* [To do] The listing that follows must be retyped exactly, without its pictures.

* [Provided data]
[Start of Attachment]
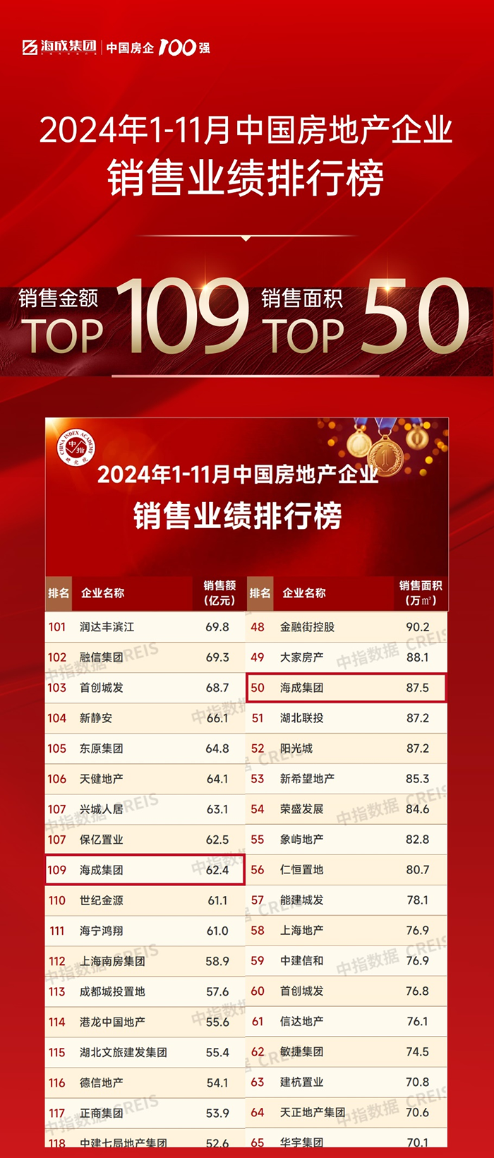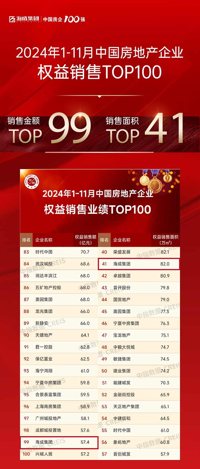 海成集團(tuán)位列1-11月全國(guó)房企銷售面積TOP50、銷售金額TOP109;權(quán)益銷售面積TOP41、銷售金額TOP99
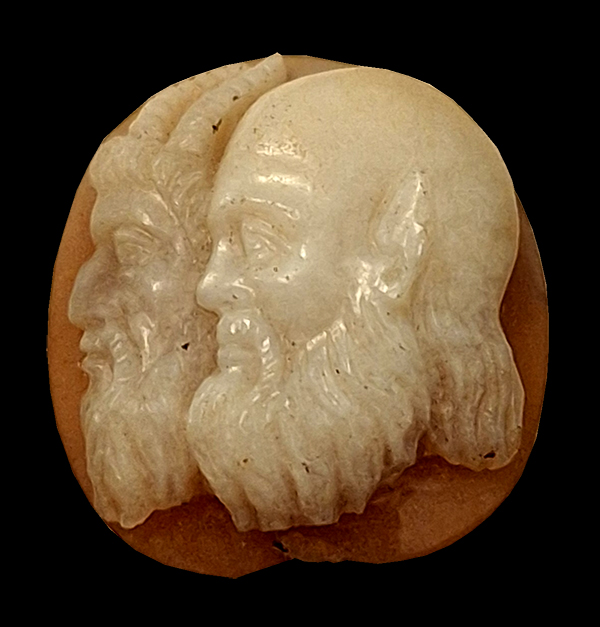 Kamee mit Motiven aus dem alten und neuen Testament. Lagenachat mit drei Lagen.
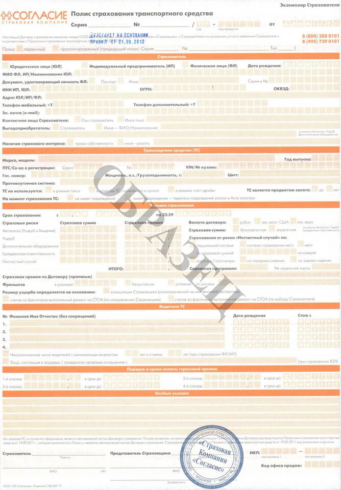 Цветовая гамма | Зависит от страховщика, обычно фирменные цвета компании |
[End of Attachment]
* [Problem solution]
 海成集團(tuán)位列1-11月全國(guó)房企銷售面積TOP50、銷售金額TOP109;權(quán)益銷售面積TOP41、銷售金額TOP99
 Kamee mit Motiven aus dem alten und neuen Testament. Lagenachat mit drei Lagen.
 Цветовая гамма | Зависит от страховщика, обычно фирменные цвета компании |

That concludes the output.